Breeding Site Breeding occurs mainly on cliffs and ledges, and flat inland areas of offshore islands (Nelson 2005). Caves, estuarine sand islands, guano platforms and other artificial structures are also used as breeding sites (Johnsgard 1993, Nelson 2005). Nests are constructed from seaweed, sticks and stems, and occur in high density (roughly 3 nests per square metre) within large colonies (Nelson 2005). Normally two or three eggs are laid, although the clutch-size ranges from one to five. The incubation period is 22-28 days, and the chicks fledge after about nine weeks. Post-fledging care is provided for several weeks. The oldest ringed bird was at least nine years old (del Hoyo et al. 1992).

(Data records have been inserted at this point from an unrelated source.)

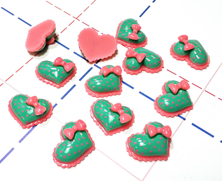 - 017 Кабошон Сердечко с бантиком 20*17 тиффани/коралл
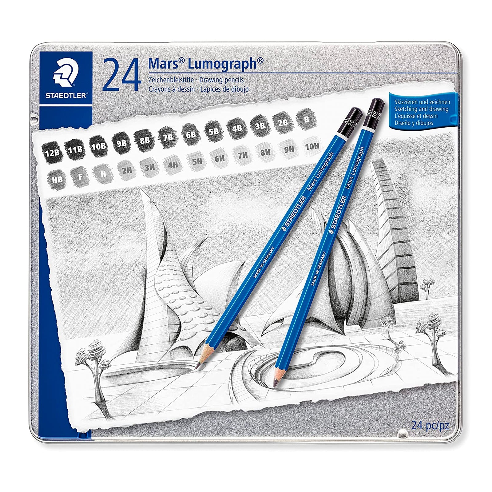 Estuche metálico con 24 lápices de dibujo de calidad premium Mars Lumograph de STAEDTLER de distintas durezas. Son ideales para escribir, dibujar y esbozar sobre papel y papel vegetal. Minas de 2 mm de diámetro. Referencia: 100 G24
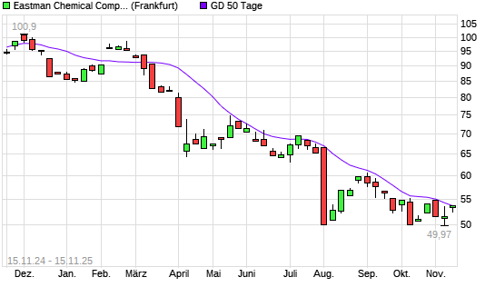 Mit dem Anstieg auf 53,74 EUR hat die Eastman Chemical Company-Aktie am 14.11.2025 die 50-Tage-Linie nach oben gekreuzt.Die Eastman Chemical Company-Aktie befindet sich seit dem 04.03.2025 im ...weiterlesen
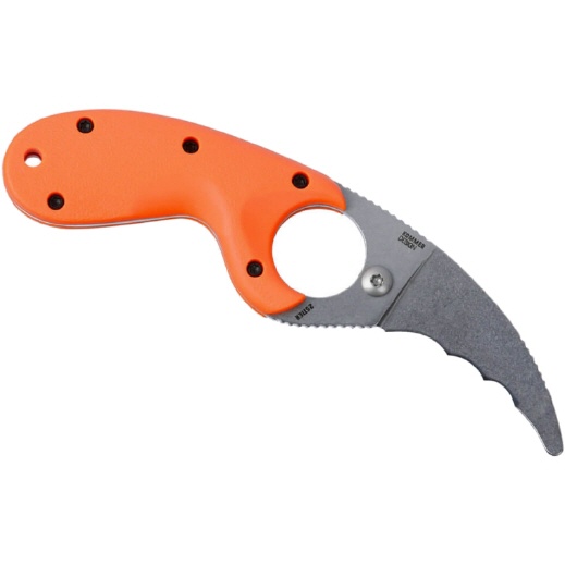 Die gebogene Klinge besitzt eine Schneide mit Veff- Wellenschliff und abgerundeter Spitze.
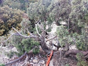 Des de la mateixa savina del cim on hem muntat reunió, fem un ràpel de 20m cap al vessant nord-oest.
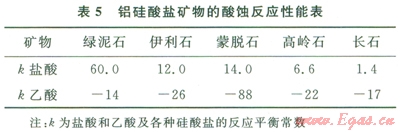 有學(xué)者研究了鹽酸與各種鋁硅酸鹽礦物的反應(yīng)動力學(xué),并將反應(yīng)速度常數(shù)的對數(shù)值為50時對應(yīng)的溫度(T50)作為各種鋁硅酸鹽在鹽酸中保持穩(wěn)定的溫度上限,各種鋁硅酸鹽的T50值如表5所示。表5同時也給出了根據(jù)熱力學(xué)數(shù)據(jù)計算出來的鹽酸與醋酸與各種鋁硅酸鹽礦物反應(yīng)的平衡常數(shù)??梢钥闯?,在熱力學(xué)上,這些鋁硅酸鹽均可以溶于鹽酸,但幾乎完全不溶于醋酸;而在動力學(xué)上,沸石在鹽酸中最不穩(wěn)定,綠泥石次之,長石最穩(wěn)定。在儲層中占優(yōu)勢的鋁硅酸鹽礦物的T50低于儲層溫度時,應(yīng)該考慮在酸化液中用乙酸代替鹽酸[6-8]。
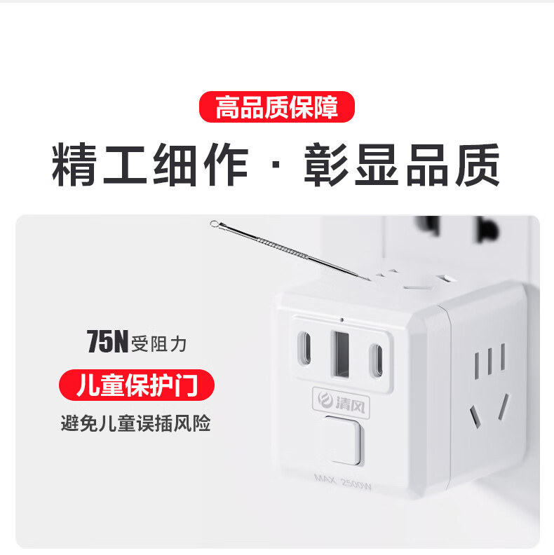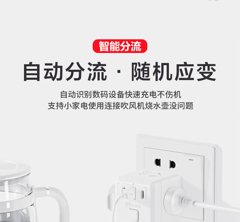 插座智能一转多魔方插座无线usb多功能插排家用宿舍大功率带线 无线 3位 黑色
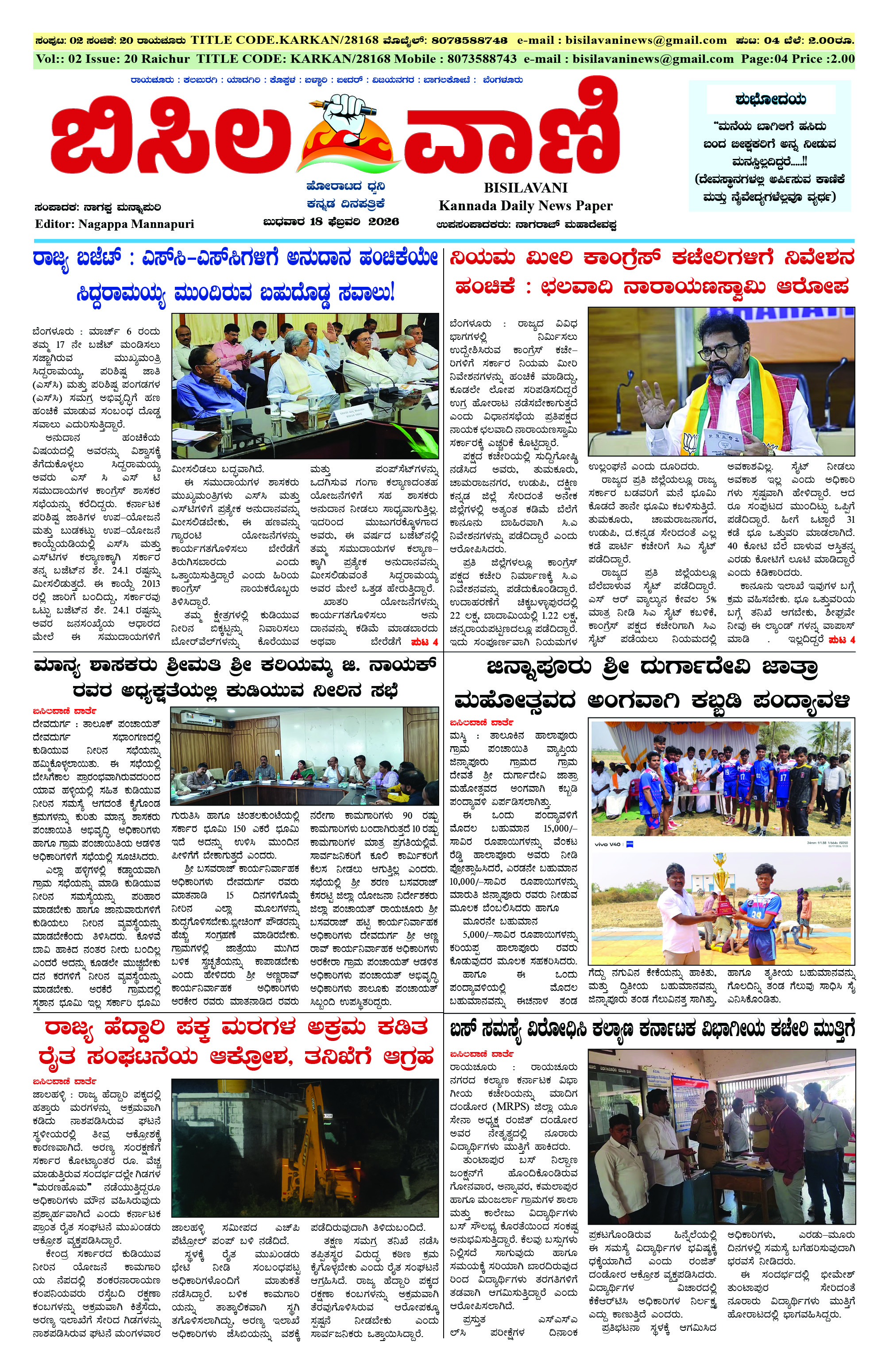 18 February 2026 ಬಿಸಿಲವಾಣಿ
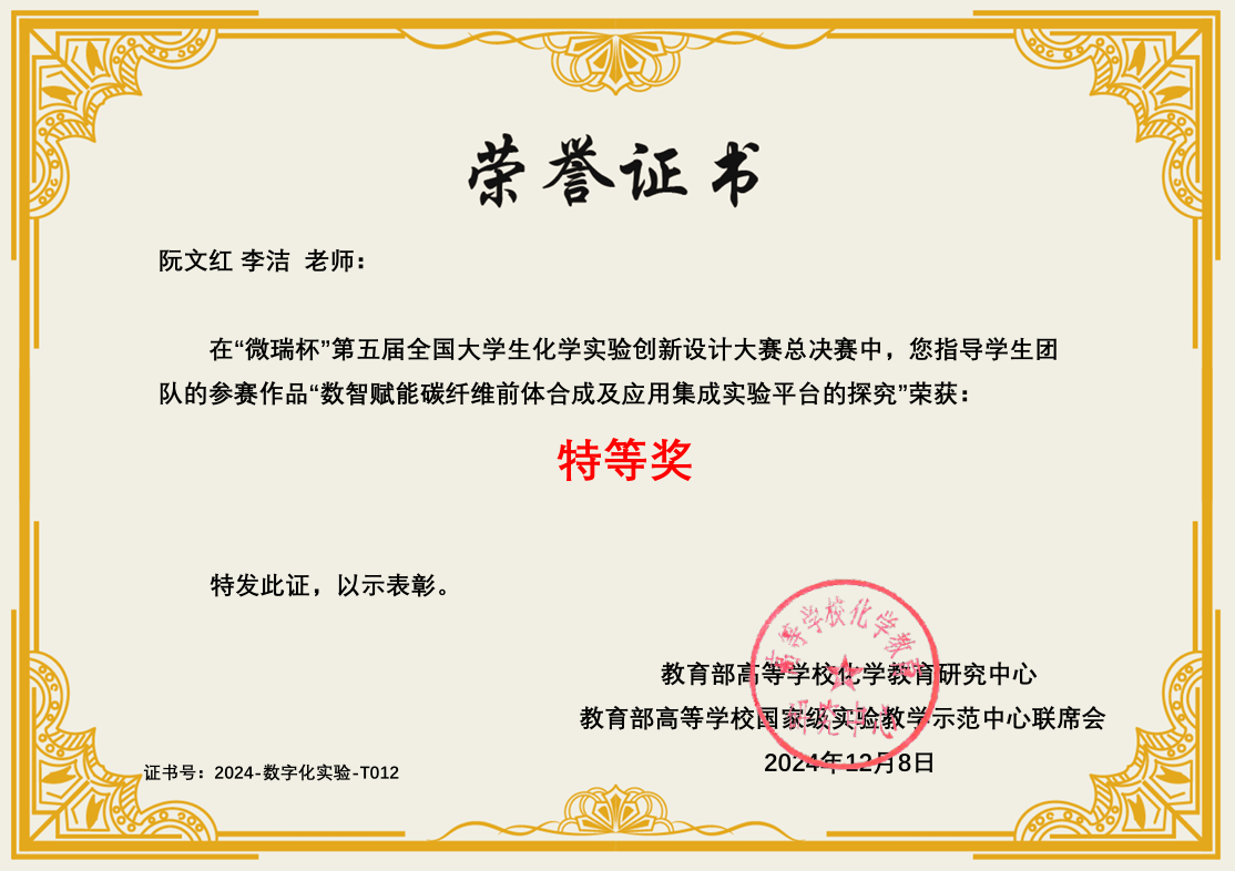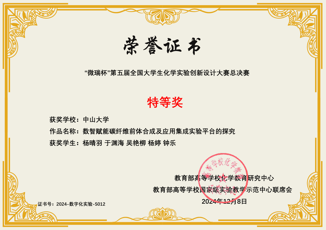 导航痕迹 William希尔 化学国家级实验教学示范中心 化学竞赛 第五届 (2024年和2025年) 全国大学生创新实验设计竞赛 William希尔-数字化实验-总决赛特等奖 扫描此二维码分享 William希尔-数字化实验-总决赛特等奖 发布人:网站管理员 发布日期:2025-10-09 获奖作品:数智赋能碳纤维前体合成及应用集成实验平台的探究
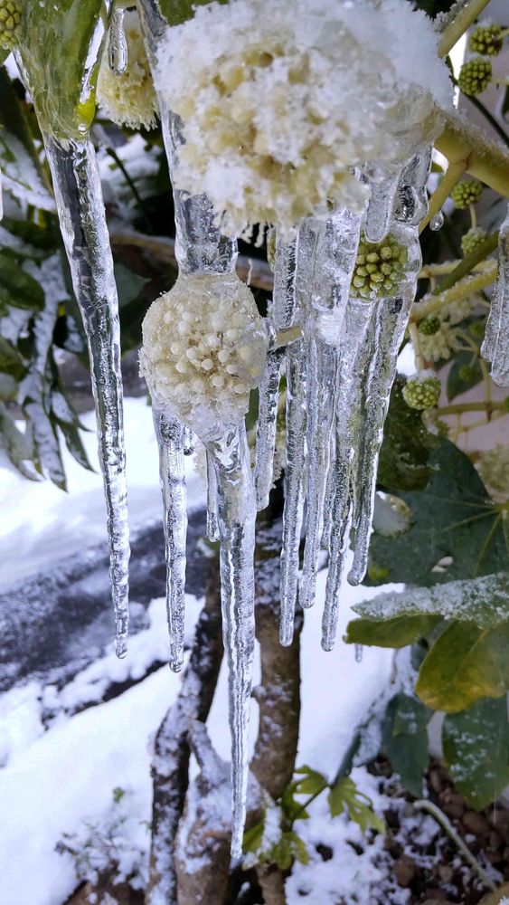⑤まだ、咲き終ってないヤツデの花から氷柱が👀
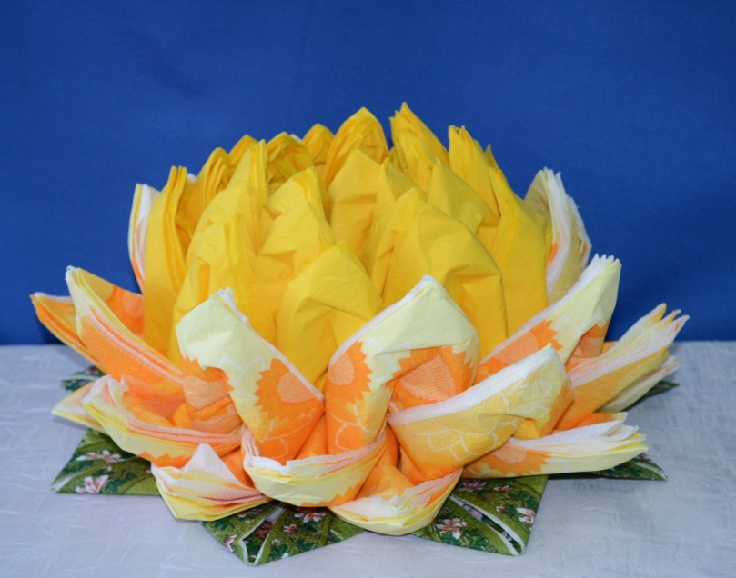Интересный способ как сделать из пачки бумажных салфеток красивый цветок для украшения праздничного стола! Берите цветные салфетки и пробуйте!
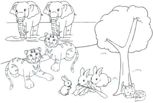 Look! The monkey is 1.________ a tree. The bear is 2.________ with a ball. The rabbit is 3.________. Two pandas are 4.________ bamboo. The elephants are 5.________ water. The tiger is 6.________. What lovely animals!
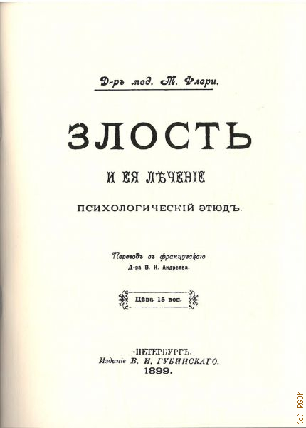 Флери М., Злость и ея лъченiе. психологическiй этюдъ — 1899

|Continuing decline in area, extent and/or quality of habitat:||Unknown|
|Generation Length (years):||9.25|
|Movement patterns:||Not a Migrant|
|Congregatory:||Congregatory (and dispersive)|
Recent rapid declines are likely to be primarily driven by a shortage of good quality food near breeding localities resulting from commercial overfishing and environmental change (Crawford et al. 1992a, 2007, 2014, 2015, 2016).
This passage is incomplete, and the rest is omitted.